American Wire News tweeted about one possible reason for the earnings miss: the movies and TV Disney is now promoting. Here we see a preview of a children’s cartoon show blatantly suggesting that gender is fluid and that hormonal and surgical sexual reassignment of young children is entirely appropriate.
But The Daily Mail clearly shows that Bob Iger put in place many of the “woke” projects that blew up when Chapek was nominally in charge. Too many influencers to count, have pointedly blamed Iger for setting Disney down this path. They also accuse him of setting “time bombs” to “blow up” during Chapek’s tenure. Bob Iger clearly planned to discredit Chapek even as he recommended Chapek to succeed him. And now that discrediting is complete.
Beyond Disney
The problems with “woke entertainment” do not stop with Disney. Without exception, all the great American motion-picture and television companies have taken the same path. Everyone should recognize the old-line names: Radio-Keith-Orpheum (RKO), Universal, Twentieth Century-Fox, Paramount, and Metro-Goldwyn-Mayer. They, and Disney, at first produced movies (and later, TV shows) that people wanted to watch, and could enjoy. Though RKO folded in 1959, the rest kept going, following this same maxim: the viewer is always right.
No longer. Perhaps the dissolution of the Production Code Administration (“Hays Office”) opened the door for the sea change. Or perhaps the survivors of the Hollywood Blacklist sought an awesome revenge against the American people for, as they saw it, sacrificing creative freedom to safety from the Communist ideology they loved to promote. So they began to introduce into their projects, themes questioning basic ethical values and economic principles. But they could go only so far without having people refuse to patronize them. “Art Houses” sprang up, carrying “experimental” productions that threw to the winds not only morality but basic principles of the writer’s craft.
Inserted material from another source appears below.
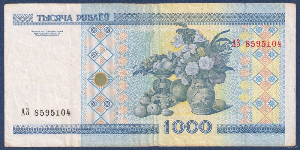 Беларусь, 1000 рублей 2000 (2001) г., P-28a (серия АЗ)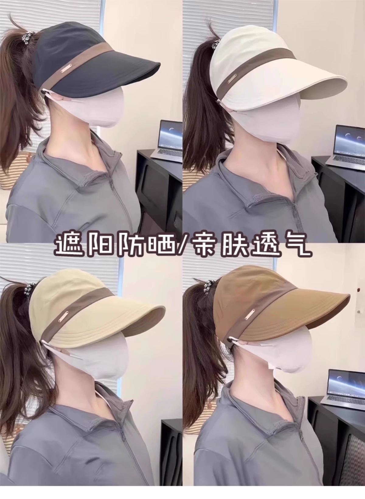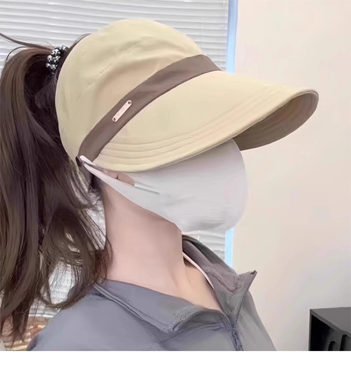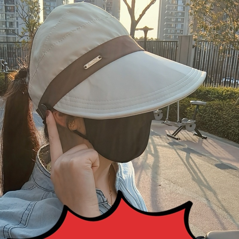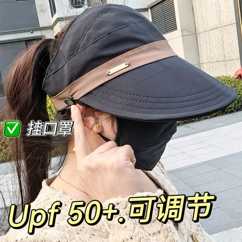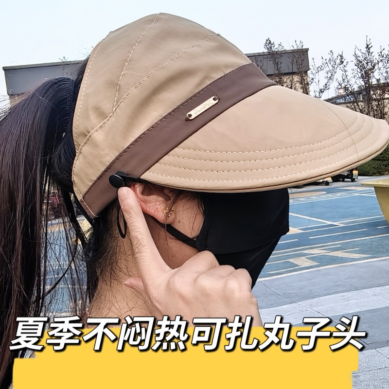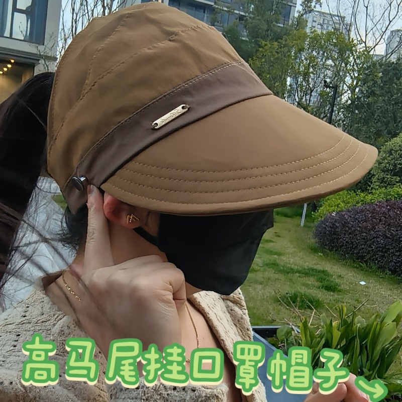 새로운 Ruth의 여성용 자외선 차단 모자, 한국식 다용도 어부 모자, 포니테일이 달린 챙이 넓은 컬러 매칭 빈 탑 태양 모자

Today the entire motion-picture and television distribution space is one big “Art House.” “Family friendship” is obsolete, because the idea of “family” is itself obsolete. Anyone who doesn’t appreciate the content these companies produce, they dismiss as bigoted, ignorant, hateful, you name the name, they call the name. Then when people don’t show up, the “creatives” blame the public, and continue to cater exclusively to the “Art House.”
Observe the results
Of the ruination of franchises like Star Wars, and bad spinoff projects like Lightyear, the less said the better. In fact CNAV has covered extensively the rot that pervades the Disney company, going far beyond Lucasfilm and Pixar. For instance, Sheriff Grady Judd of Polk County, Florida, has twice run sting operations against organized pedophiles in his county. The most recent, Operation Fall Haul II, concluded last September. Sheriff Judd hauled in quite the rogues’ gallery, including school faculty and staff, retired and relocated judges – and Disney staff.
Nothing could better illustrate the rot than these arrests Sheriff Judd made. But consider the “not so secret gay agenda” about which one Disney producer boasted. Next consider Disney’s direct opposition to the Parental Rights and Education Bill by Gov. Ron DeSantis (R-Fla.). (Disney’s communications director had to resign over that.)
This year, Florida has revoked the Reedy Creek Improvement District that essentially made Walt Disney World an independent city-state. In response, the Governor of Colorado offered Disney a similar “improvement district” in that State. Meanwhile, the Disney board told shareholders, in effect, that they’ll sue Florida for breach of contract.
Who owns it, anyway?
Bear in mind that Disney is not a family-owned enterprise, and hasn’t been almost since Roy E. Disney, Walt’s nephew, stopped running the place. Bob Iger owns a large chunk of stock himself, but hardly a majority share. But look at the other big investors: they include Vanguard Group and Blackrock. Those two firms constitute, or at least form a large part of, what one could call the American Economic Forum. (In contrast to the World Economic Forum, with its headquarters in Davos, Switzerland.) In short, the Deep State owns Disney now, and has for decades.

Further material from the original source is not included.